I imagine Peter Berg’s “Lone Survivor” will provoke the same divisive reactions from mainstream audiences that Mel Gibson’s blood-soaked passion project garnered a decade ago. Berg’s film is as uninterested in the War in Afghanistan as Gibson’s film was in the life of Jesus. No effort is made to contextualize the war itself, explore the controversial reasons why U.S. troops are stationed in Afghanistan in the first place or provide the soldiers with any semblance of a three-dimensional personality. As for the Afghans themselves, they are either sinister moustache-twirlers or saintly caregivers (much like the non-Caucasians in “The Blind Side”). Claims that the film endorses jingoism are somewhat justified by Berg’s dialogue, comprised largely of macho catchphrases such as, “You die for your country. I’m gonna live for mine.”

So what is “Lone Survivor,” in essence, about? Is it little more than a glorified army recruitment ad on the order of Mike McCoy and Scott Waugh’s offensively inept propaganda, “Act of Valor”? During the first ten minutes or so of Berg’s picture, that certainly seems to be the case. Based on a 2007 memoir co-written by former US Navy SEAL Marcus Luttrell, the film recounts a real-life assignment taken by the author and three of his teammates to hunt down Taliban leader Ahmad Shah.
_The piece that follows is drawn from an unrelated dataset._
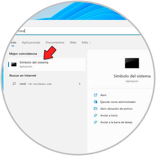 La consola del símbolo del sistema nos da la posibilidad de ver lo recursos compartidos en Windows 11, abre CMD desde Inicio:
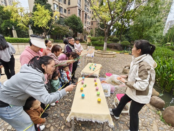 不远处的民俗游戏闯关区,更是热闹非凡,党员志愿者化身“游戏引导员”,全力保障互动安全有序。“套鸡蛋”游戏前,老人和孩子屏气凝神,瞄准、投掷,每一次套中都引来阵阵欢呼;“拍洋画”的桌旁,老人熟练地演示着儿时玩法,孩子则好奇模仿,在一翻一扣间,两代人共享着童年的欢乐;“钓蔬菜”的绳索一上一下,钓起的不仅是一颗颗新鲜蔬菜,更是老少同乐的开怀笑意。这些怀旧游戏让老人重拾童年记忆,也让孩子在趣味互动中解锁了民俗文化的魅力,更让党员志愿者与居民的距离在互动中不断拉近。

Their mission abruptly failed when they were spotted by local Afghans, thus leading to a debate (contrived for the movie, according to Luttrell) on whether to kill the unfortunate bystanders or release them, a decision that would place the soldiers’ own lives in imminent danger. The soldiers chose the latter, resulting in a firefight that killed a total of nineteen soldiers, while leaving Luttrell critically wounded.

Unlike Michael Bay’s hollow patriotic posturing, Berg’s direction isn’t blind to human nuance, coaxing uniformly superb work from Mark Wahlberg (as Luttrell), Taylor Kitsch, Emile Hirsch and especially Ben Foster (in his third great performance of 2013, following “Ain’t Them Bodies Saints” and “Kill Your Darlings”). Like Gibson’s “Passion,” Berg’s “Survivor” is laser-focused on the physical toll of the soldiers’ sacrifice, and it’s here where the film transcends its multitudinous flaws to pack an undeniably visceral punch. Once the men find themselves in over their heads, the subpar script is drowned out by the sheer bone-crunching spectacle of Berg’s expertly staged action sequences, enhanced with peerless sound and makeup design. An already notorious sequence in which the soldiers are forced to hurl themselves down the side of a treacherous mountain is, in some ways, as brutally grueling as the extended scourging scene in “Passion.”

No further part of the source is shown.